Selecting the proper lead angle can extend your tool life. Think about the entry angle of the tool as it is introduced to the part. The most common turning insert on the market is a CNMG (an 80° included angle at the cutting tip) which has a -5° lead angle. The minus lead angle means you enter the cut with the weakest point on the insert, the nose radius. On the other hand, using a 45° lead to produce a gradual entry into the cut will lead in at the strongest point on the insert. Of course the part being produced must lend itsself to a lead angle or another operation may be required. That is, if the part being machined has a 90° shoulder, a second operation may be required or you may have to revert to the CNMG option.
Cutting forces act tangentially to the lead angle. If you use a 45° lead tool, the cutting forces will act downwardly into the part at 45°. In the case of a 90° lead, the cutting forces will act parallel to the centre line of the part. This puts little pressure on the part and instead, directs the pressure back into the chuck. A 45° lead tool will put pressure into the part and, in the case of a thin wall or small diameter part, may deflect or deform the part.
A good option is to use the obtuse corner (100° corner) of a CNMG. This will produce a 40° lead angle and allow the user to get eight corners from a CNMG rather than the traditional four corners. This is a good option for interrupted cutting.
These same principles apply to milling. A 90° milling cutter will produce an average chip thickness equal to the programmed chip per tooth. A 45° lead cutter will produce an average chip thickness of only 70 per cent of the programmed chip thickness. This allows for higher feed rates and longer tool life. However, in the case of a thin wall part being milled, the cutter may push the part down as it passes. Once the cutter has passed, "oil canning" occurs, which means the part bounces back to its original form, but in doing so, the part may end up out of spec or create a poor surface finish.
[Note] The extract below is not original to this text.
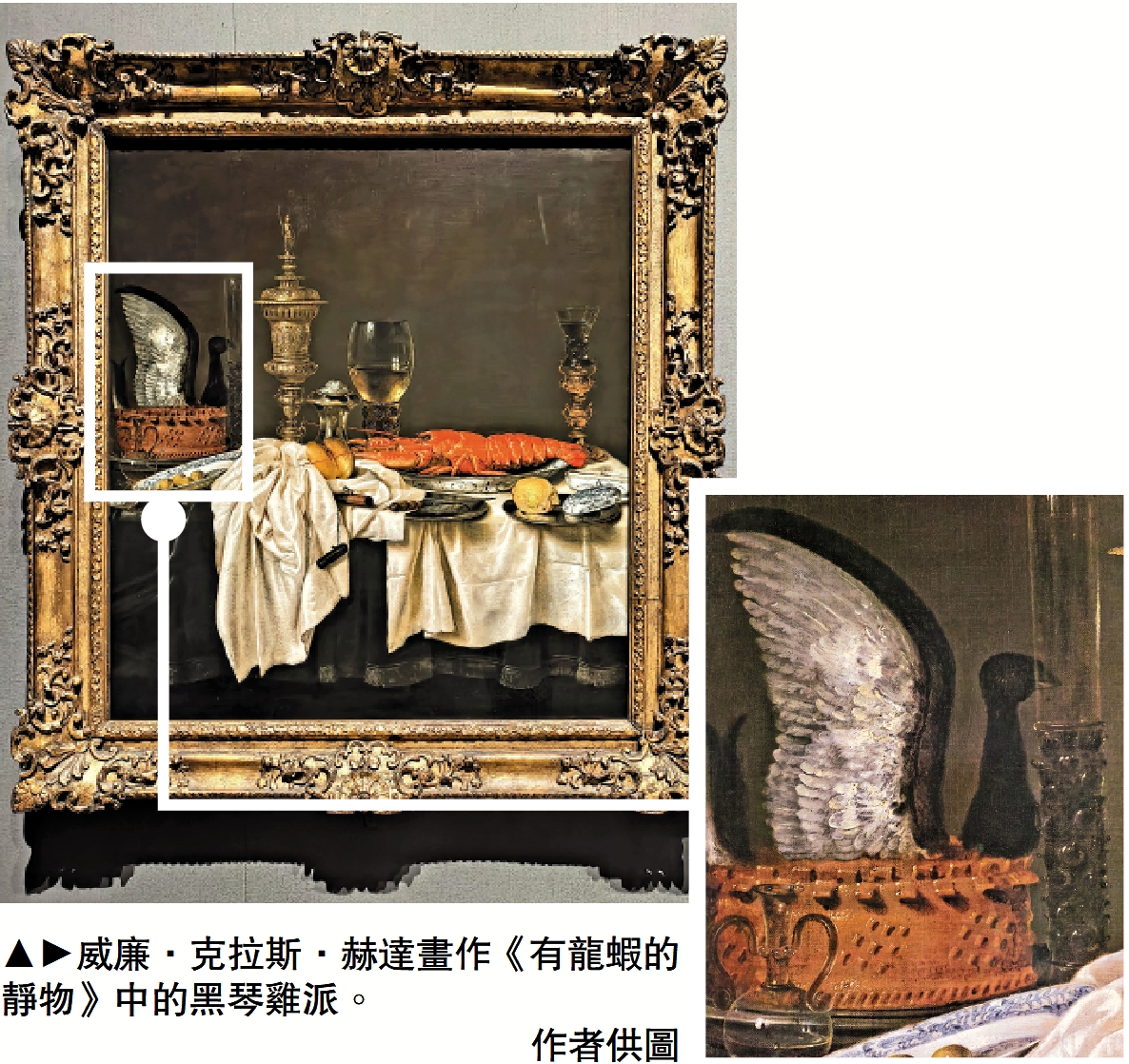 在狩獵靜物題材畫作中,稀有的黑琴雞(荷蘭語Korhoen,學名Lyrurus tetrix)在畫中多以戰利品的形式出鏡。然而,被烹飪之後擺在宴會桌上作為盛大展示菜的「黑琴雞派」卻極少入畫。在那個餐桌上沒有「手機先吃」條件的時代,該如何把自己享用過的美食炫耀給座上賓呢?對於那些家世顯赫且有炫富需求的貴族而言,一個靜物畫的細分畫種「華麗靜物」(Pronkstilleven)應運而生。而赫達的這幅《有龍蝦的靜物》中餐桌上擺放的所有物品,包括盛放龍蝦、橄欖的藍白相間瓷盤是進口自我國的明青花瓷、橄欖和檸檬是地中海的舶來品、畫中最亮眼且佔據作品「C位」的大龍蝦,以及桌上形制各異的玻璃杯和銀器,均是「華麗靜物」的「標配」。而玻璃器皿上的各種光影折射、桌布上的絲綢光澤質感,以及瓷器和陶器上溫潤的釉面反光,將赫達所引以為豪的、精確描摹事物材質的高超畫技展現得淋漓盡致。相比之下,畫中最左側的暗色背景中由精美陶盤盛放的一道烘烤完畢的黑琴雞派則顯得低調內斂很多,但事實上,這道菜的「隱藏屬性」同樣完美契合「華麗靜物」的內核。

This is the basic principle behind high feed milling. Due to the lead angle, a typical high feed milling cutter will produce an average chip thickness of less than 20 per cent of the programmed chip per tooth, allowing for extremely high feed rates. The cutting force is directed down into the part and directly up into the spindle, which causes little deflection and reduces perpendicular cutting forces on the spindle, extending machine tool life. A common mistake when using high feed milling is running the cutter too slow. This can result in rubbing and can reduce tool life. A better option is to run the tool at the recommended elevated feeds taking small depths of cut and increasing each time until you achieve desired results. Take a trial cut with the recommended speed and feed, (0.060 in./1.52 mm chip per tooth), take a small depth of cut at 0.010 in. (0.25 mm) and monitor the horsepower on the machine's monitor. If everything is ok, take incremental depths of cuts at 0.020 in. (0. 508 mm), 0.030 in. (0.762 mm), then 0.040 in. (1.016 mm), etc. up to the point the horsepower is running in an optimum range.
The same idea applies to round insert (or button cutters) milling cutters, although with a round insert, the lead angle is dependent on the depth of cut. A light depth of cut produces extreme chip thinning and you can achieve high feed rates. However, when the button cutter reaches a wall, the lead angle changes quickly from a small lead angle of 10° to a 90° one, which can cause catastrophic failure. By comparison, the high feed cutter has clearances built into its design to accommodate this operation. SMT
John Mitchell is general manager for Tungaloy in Canada.